Norgauer J, Dobos G, Kownatzki E, Dahinden C, Burger R, Kupper R, Gierschik P
Hautklinik Freiburg, Germany.
Eur J Biochem. 1993 Oct 1;217(1):289-94. doi: 10.1111/j.1432-1033.1993.tb18245.x.
The signal pathways of neutrophils following stimulation with the complement fragment C3a (C3a) were studied in neutrophils and compared to the pathways activated by complement fragment C5a (C5a). Analysis of polyphosphoinositol lipid turnover showed that C5a, but not C3a, activated phosphatidylinositol-bisphosphate-3-kinase (PtdInsP2 3-kinase) indicating that different signal pathways are activated by the two anaphylatoxins. To examine whether C3a stimulated Ca2+ transients, cytosolic free Ca2+ levels were analyzed in Fluo-3-labelled neutrophils by flow cytometry. C3a stimulated a fast and concentration-dependent increase of cytosolic free Ca2+. Comparison of the C3a response with that of C5a revealed a more pronounced C5a-triggered Ca2+ rise. Addition of EGTA to the extracellular buffer prior to stimulation did not significantly alter the initial Ca2+ rise at low C5a concentrations, but reduced the time course of the Ca2+ transients at high concentrations. In marked contrast, EGTA completely blocked the Ca2+ response stimulated by C3a in neutrophils labeled with either Indo-1/AM or Fluo-3. Preincubation of neutrophils with pertussis toxin inhibited both C3a- and C5a-stimulated Ca2+ transients, indicating the involvement of guanine-nucleotide-binding proteins (G proteins) in these processes. In order to examine whether the C3a receptor is coupled to G proteins, binding of guanosine 5'-O-(3-[35S]thiotriphosphate) ([35S]GTP[S]) to purified neutrophil plasma membranes was studied. Both C3a and C5a stimulated high-affinity binding of [35S]GTP[S] up to 1.5-fold and 3-fold, respectively. These data suggest that the two anaphylatoxins activate pertussis-toxin-sensitive G proteins, which then trigger different signal transduction pathways. C3a specifically stimulated Ca2+ influx from the extracellular medium, whereas C5a additionally activated the PtdInsP2 3-kinase and stimulated Ca2+ mobilization from intracellular stores.
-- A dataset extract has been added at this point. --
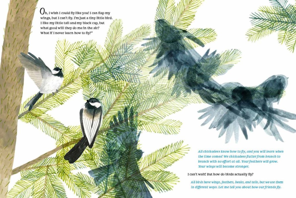 A young chickadee expresses concern about the possibility that she will never accomplish the daunting task of learning to fly. Ptashnik captures the inner life a child with her words: “I can flap my wings, but I can’t fly. I’m just a tiny little bird…What if I never learn to fly?”

在中性粒细胞中研究了补体片段C3a(C3a)刺激后中性粒细胞的信号通路,并与补体片段C5a(C5a)激活的信号通路进行了比较。多磷酸肌醇脂质周转分析表明,C5a而非C3a激活了磷脂酰肌醇-二磷酸-3-激酶(PtdInsP2 3-激酶),这表明这两种过敏毒素激活了不同的信号通路。为了检测C3a是否刺激Ca2+瞬变,通过流式细胞术分析了Fluo-3标记的中性粒细胞中的胞质游离Ca2+水平。C3a刺激了胞质游离Ca2+的快速且浓度依赖性增加。将C3a反应与C5a反应进行比较,发现C5a引发的Ca2+升高更为明显。在刺激前向细胞外缓冲液中加入EGTA,在低C5a浓度下并未显著改变初始Ca2+升高,但在高浓度下缩短了Ca2+瞬变的时间进程。与之形成鲜明对比的是,EGTA完全阻断了用Indo-1/AM或Fluo-3标记的中性粒细胞中C3a刺激的Ca2+反应。用百日咳毒素对中性粒细胞进行预孵育可抑制C3a和C5a刺激的Ca2+瞬变,这表明鸟嘌呤核苷酸结合蛋白(G蛋白)参与了这些过程。为了检测C3a受体是否与G蛋白偶联,研究了鸟苷5'-O-(3-[35S]硫代三磷酸)([35S]GTP[S])与纯化的中性粒细胞膜的结合。C3a和C5a分别刺激[35S]GTP[S]的高亲和力结合增加至1.5倍和3倍。这些数据表明,这两种过敏毒素激活了对百日咳毒素敏感的G蛋白,然后触发不同的信号转导通路。C3a特异性刺激Ca2+从细胞外介质流入,而C5a还激活了PtdInsP2 3-激酶并刺激Ca2+从细胞内储存库中释放。